Data block —
:::
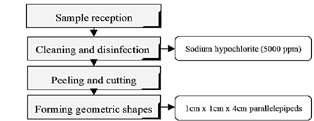 Hypertonic solutions were prepared prior to dehydration process. The first solution consisted of a mixture of stevia, salt and water (S1) while the second solution consisted of glucose, salt, and water (S2), at the following concentrations: 20% w/w (15% sweetener - 5% salt), 30% w/w (25% sweetener- 5% salt) and 40% w/w (35% sweetener - 5% salt). The sample-solution ratio was 1:20 w/w, 40-160-min processing times, 40-min intervals. Constant stirring speed at 100 rpm was used. Subsequently the samples were removed and drained on absorbent paper for 1 min, and then packed and deposited into a desiccator. Then, weighting and moisture analysis were carried out according to Colombian Institute for Technical Standards and Certification (ICONTEC) standard NTC 572.
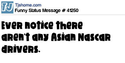X  Ever notice there aren't any Asian Nascar drivers.
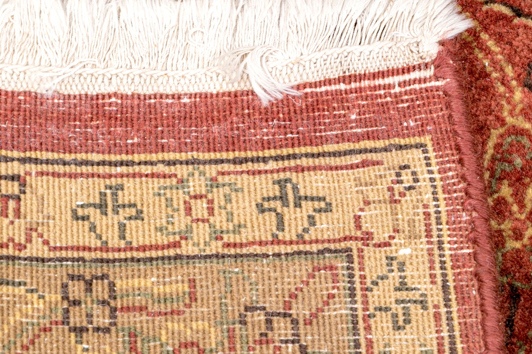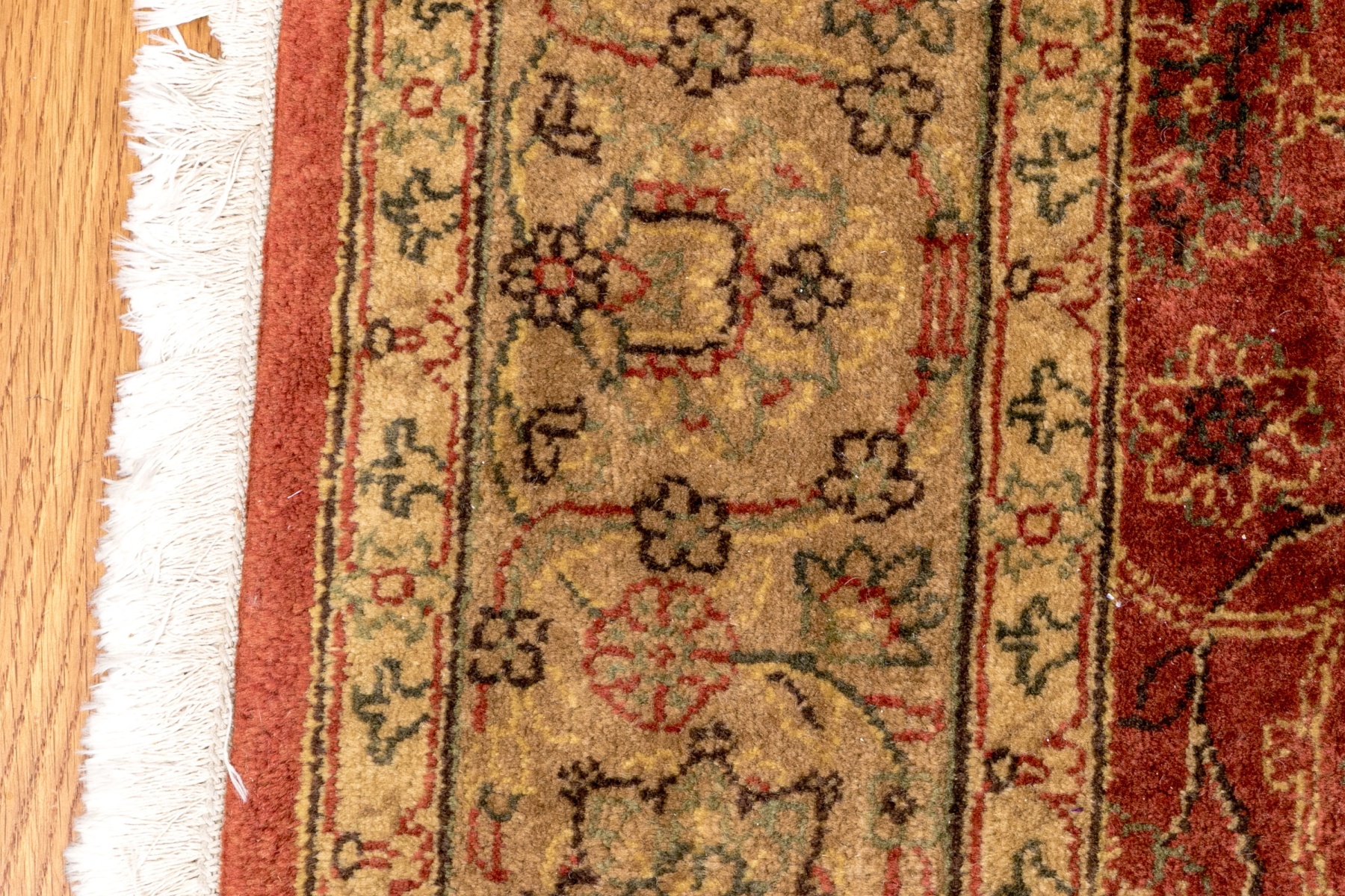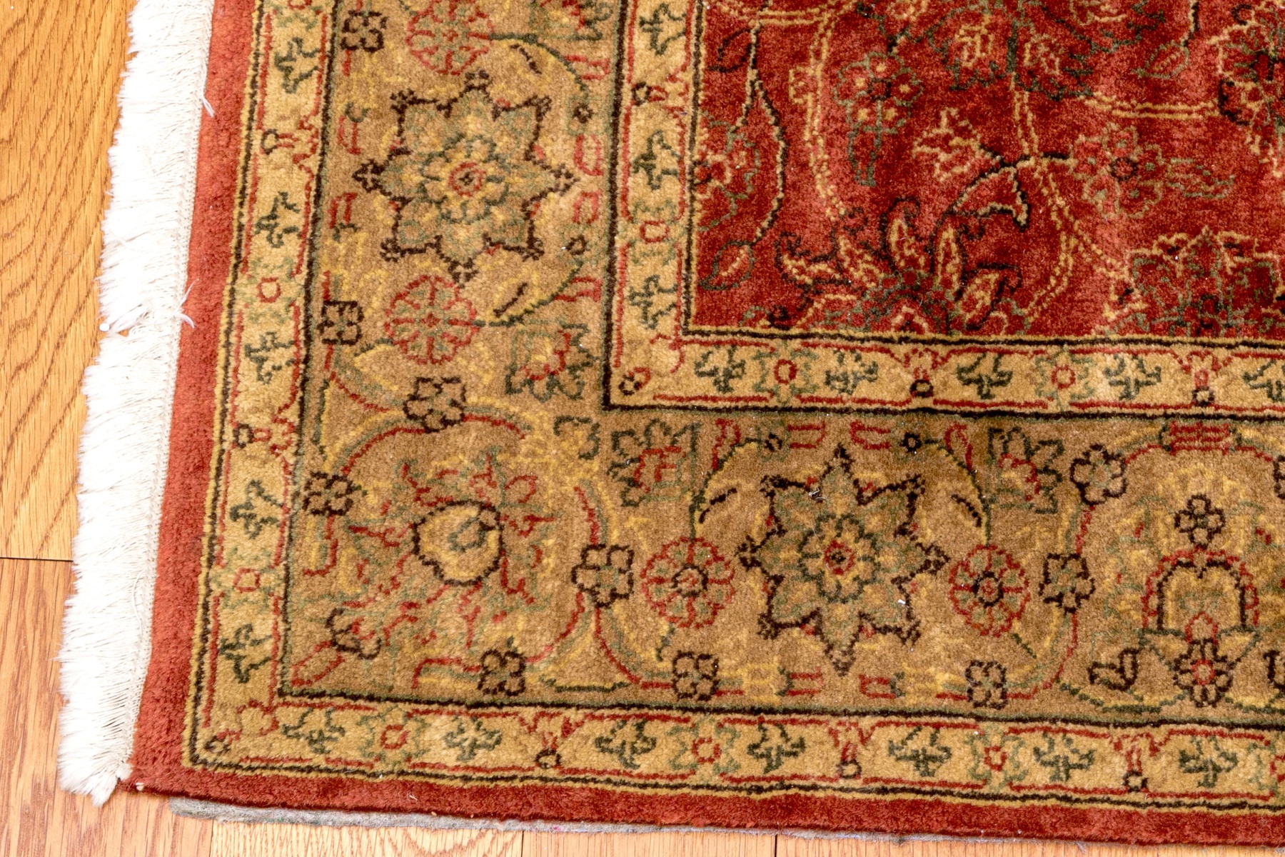 A fabulous Indian hand-knotted wool accent rug showcasing a wide olive hued main border of vining florals flanked by ecru guard borders around a red field. The field is detailed with a symmetrical arrangement of vining floral medallions in subtle colors for a timeless and sophisticated design.
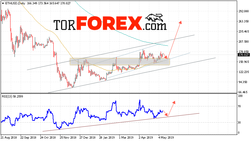 В пользу подъёма котировок ETH/USD на текущей торговой недели 13 — 17 мая 2019 выступит тест линии поддержки на индикаторе относительной силы. Вторым сигналом станет отскок от нижней границы восходящего канала. Отменой варианта роста станет падение и пробой уровня 135. Это укажет на пробой области поддержки и продолжение снижения ETH/USD с потенциальной целью ниже уровня 105. Подтверждением роста криптовалюты Ethereum выступит пробой области сопротивления и закрытие котировок выше уровня 185.
:::
Task directions — Pictures excluded, reproduce only the part above that opens with the line holding "Asian Nascar drivers." and closes with the line holding "A fabulous Indian", exactly as written.

Result of this exercise —
X  Ever notice there aren't any Asian Nascar drivers.
 A fabulous Indian hand-knotted wool accent rug showcasing a wide olive hued main border of vining florals flanked by ecru guard borders around a red field. The field is detailed with a symmetrical arrangement of vining floral medallions in subtle colors for a timeless and sophisticated design.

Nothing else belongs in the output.